Florita, la niña que un día apareció en el camino que va al río | NVI Noticias Pasar al contenido principal
x
niña
Foto(s): Cortesía

Florita, la niña que un día apareció en el camino que va al río

Redacción

Nieves, que caminaba por ahí porque le gustaba ir por las mañanas al río, de pronto la vio sentadita en el suelo jugando con unas piedras. Sorprendida le preguntó: 

─¿Cómo te llamas?, ¿qué haces aquí solita?.

La niña no contestó, solamente se puso a llorar y corrió a abrazarla. Ella se dio cuenta de que uno de sus bracitos le colgaba. Traía un vestido de flores, calzaba huarachitos y estaba muy bien peinada.

─¿Qué hago?, ¿la dejo aquí o la llevo a mi casa? ─ pensó la mujer. ─No. Me regreso.
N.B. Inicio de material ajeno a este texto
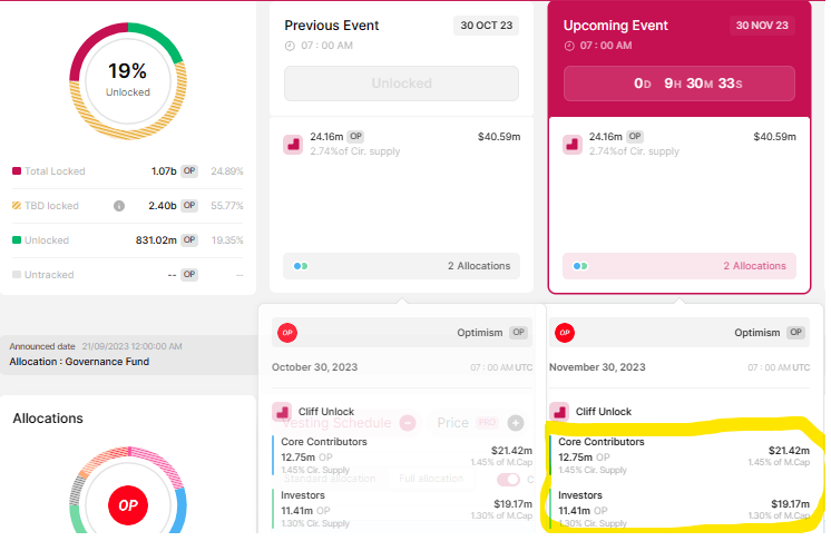 - Optimism network will be unlocking 24.16 million OP tokens, constituting 2.74% of total supply, on November 30.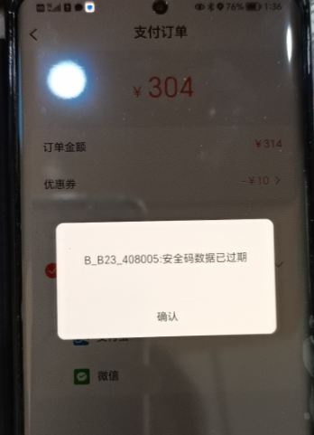 1. App/小程序支付时提示 B_B23_408005:安全码数据已过期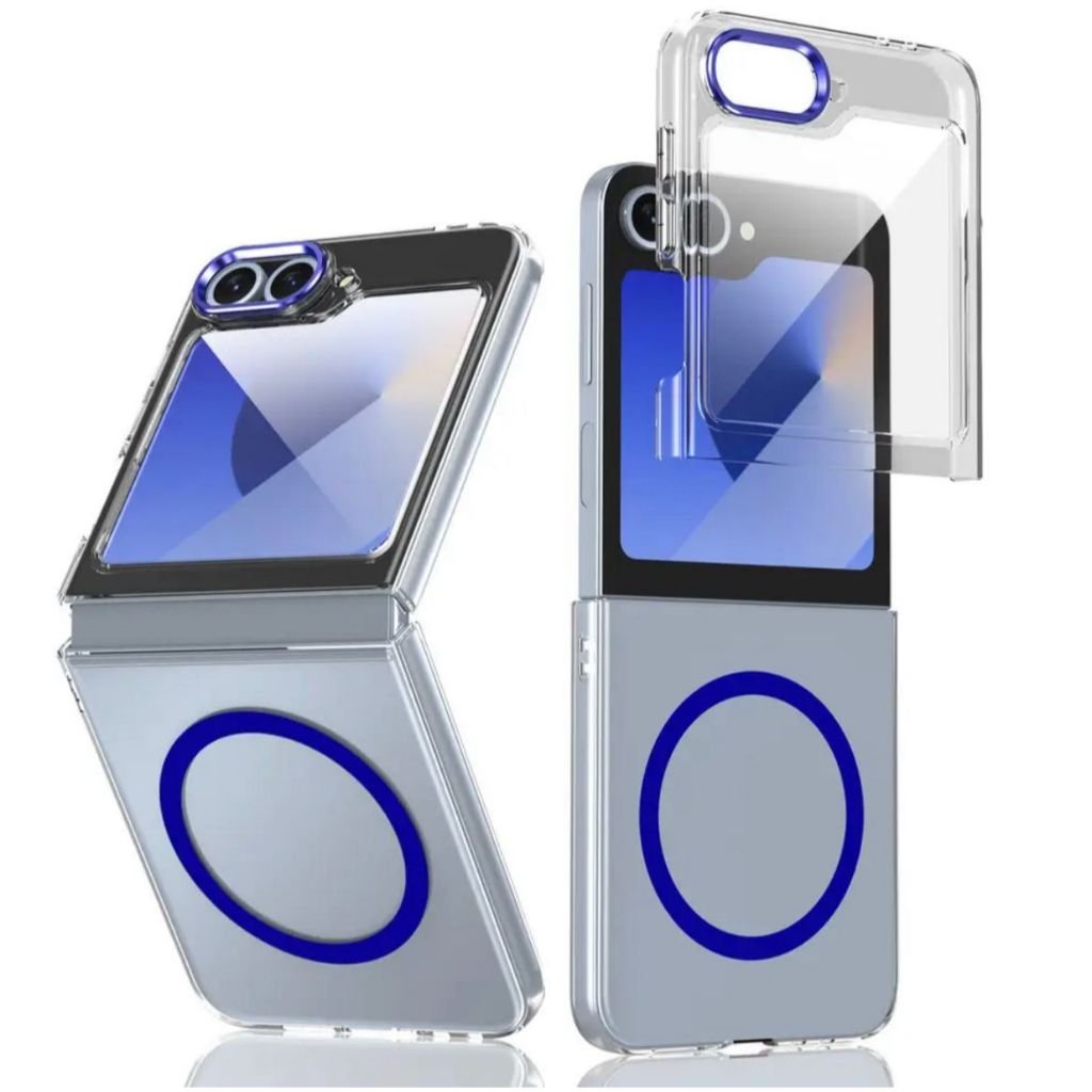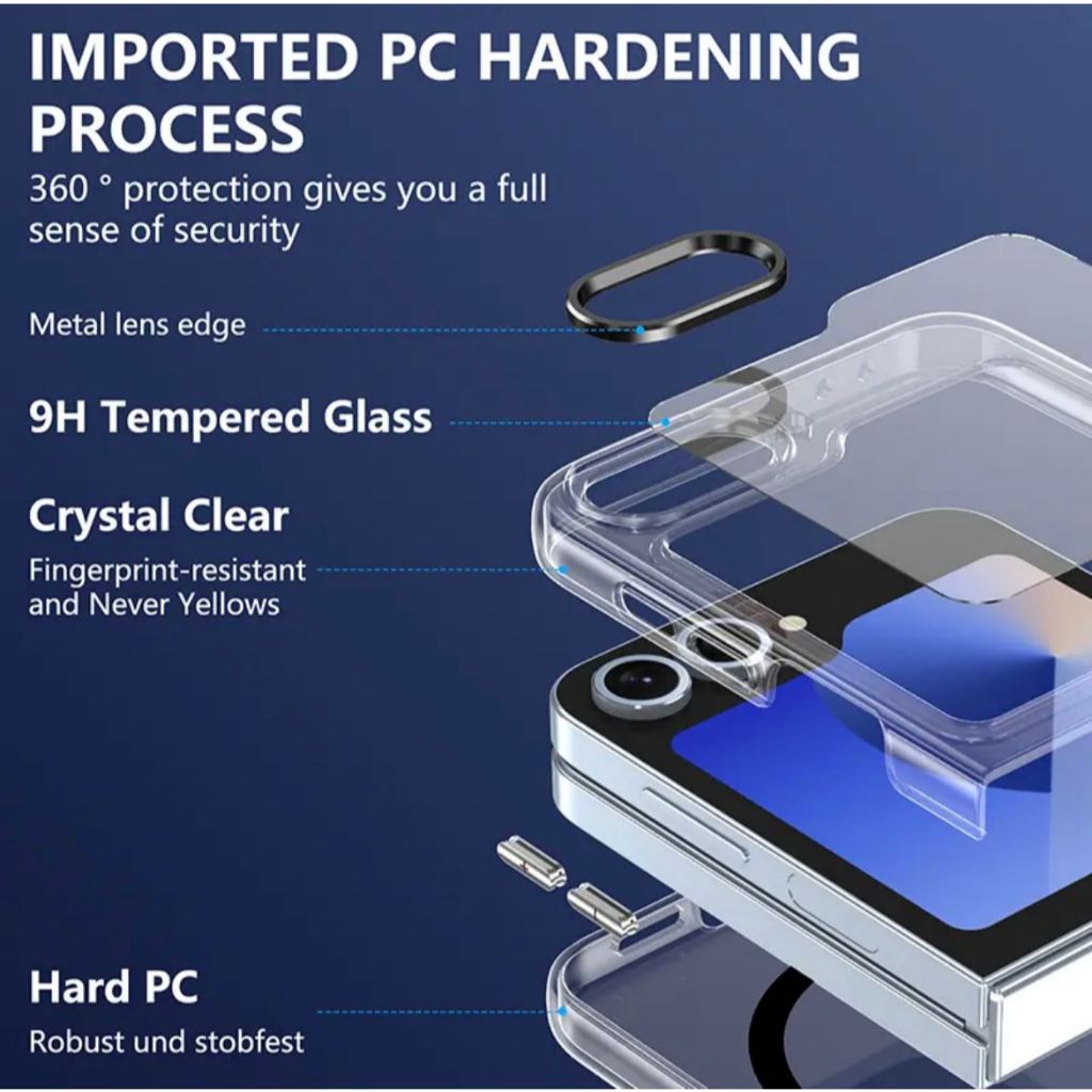 Hard case clear magnetic premium samsung galaxy z flip 3 4 5 6 7 with kaca film depan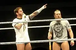 Upon being signed by World Wrestling Entertainment (WWE), CM Punk was assigned to its developmental territory, Ohio Valley Wrestling (OVW), where he was mentored by Paul Heyman.[47] He debuted in September 2005 in a dark match.[48] In his first appearance on OVW TV later that month, Punk suffered a broken nose and ruptured eardrum in a match with Danny Inferno.[49][50] In November 2005, Punk defeated Ken Doane to win the OVW Television Championship.[49] Immediately thereafter, Punk began to feud with Brent Albright, culminating in a three way dance between Punk, Doane, and Albright in January 2006; after Doane was injured during the match, he was replaced by Aaron "The Idol" Stevens, who won the match and became the new OVW Television Champion.[51] In February 2006, Punk entered into a tournament to crown a new OVW Heavyweight Champion, losing to Albright in the finals.[24] In May 2006, Punk defeated Albright in a strap match to win the OVW Heavyweight Championship.[52] In July 2006, Punk and Seth Skyfire defeated Shad Gaspard and the Neighborhoodie to win the OVW Southern Tag Team Championship, making Punk a double champion.[53] They lost the titles to Deuce Shade and "Domino" Cliff Compton in August 2006.[51] Later that same month, Punk lost the OVW Heavyweight Championship to Chet the Jett.[51] Following his defeat, Punk ceased appearing regularly with OVW, but continued to make sporadic appearances until WWE and OVW ended their developmental partnership on February 7, 2008.[54][55]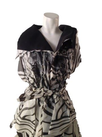 Project Runway All Stars, Season 6, Episode 2: "Damsels in Distress" - Garment # 627 -Designer: Fabio. Fabio used bleach and a blowtorch to construct this look. He designed 2 -piece look with gray and black mottled denim capri pants, plus an opaque, black and white zebra print cover up, cinched at the waist with bardot style top and an oversized, black collar. Melted detailing and additional plastic belt to tie around the waist are included.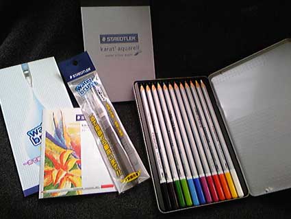 画像はクレジットカードのたまったポイントでゲットしたSTAEDTLERの水彩色鉛筆セットです。

Voy con ella al municipio a notificar que la encontré aquí. Cuando llegó a presentarla tocaron las campanas para una reunión urgente. Los ciudadanos ya saben que cuando tocan, hay un asunto importante que resolver. Así se acordó que la niña se quedara en el pueblo. Que las familias que quisieran darle lo que necesitara se fueran anotando y también definieran cuántos días iba a estar en cada casa. Así transcurrió el tiempo, días, meses y años. Cuando Florita apareció tenía entre 6 y 8 años de edad, cuando ya era toda una señorita, había recorrido todos los hogares de San Pedro Yucunama, por supuesto, el de mi familia, también.

Florita pronto mostró cualidades muy valiosas como el orden y la limpieza, además del respeto hacia todos, fueran señores, señoras o niños. Todos le llamaban cariñosamente Florita la Manca y ella sonreía, no se enojaba. A pesar de su limitación, era muy rápida y entusiasta para aprender lo que se le enseñaba. Así, en las casas donde había estado, le recompensaban con algo de dinero cuando se iba otra. Al cumplir diez años de vivir en el pueblo, las autoridades consideraron que Florita ya era ciudadana de ahí y decidieron donarle una pequeña porción de terreno en la que ella, con lo que había guardado, hizo la vivienda, donde a partir de ese momento, viviría sola.

Una vez que tuvo su propiedad empezó a comprar aves de corral gallinas, pollitos, guajolotes y también un precioso borrego muy blanco. Un día corriendo para alcanzarlo se cayó, lesionándose la pierna. Estuvo varios días en cama, todos se preocuparon por ella, así que durante ese tiempo no le faltó la comida y tampoco a sus animalitos. De su curación se hizo cargo Manuelita. Le aplicó pencas de maguey asadas y también aceite, así Florita se recuperó para continuar trabajando en las casas.

Pasaron los años y cuando ella contaba con sus treinta y tantos, un señor viudo, llamado Cirilo -quién tenía dos hijos, Humberto y Felipa- se casó con ella. La vida le cambio a quién ahora ya formaba parte de una familia con dos niños, a los que quiere como si fueran sus propios hijos. Con ellos vive contenta, aunque el trabajo ha aumentado, tiene una familia que atender, además de su propia casa donde están sus plantas y animales.

Humberto tiene 12 años y Felipa 9, así que ellos la ayudan. Cirilo, su esposo, es campesino y se la pasa en sus terrenos todos los días, menos domingo.

Todo va muy bien, pero un día, un toro le da a Cirilo una cornada en el estómago. Como pueden, lo llevan con el médico de Yolomécatl. Ahí se queda varios días, pero no se puede recuperar y fallece. Así es que ahora Florita es viuda, con dos niños a su cargo, a los que tiene que alimentar, y además, educar.

 

“Ella, a pesar de su limitación, era muy rápida y entusiasta para aprender lo que se le enseñaba”.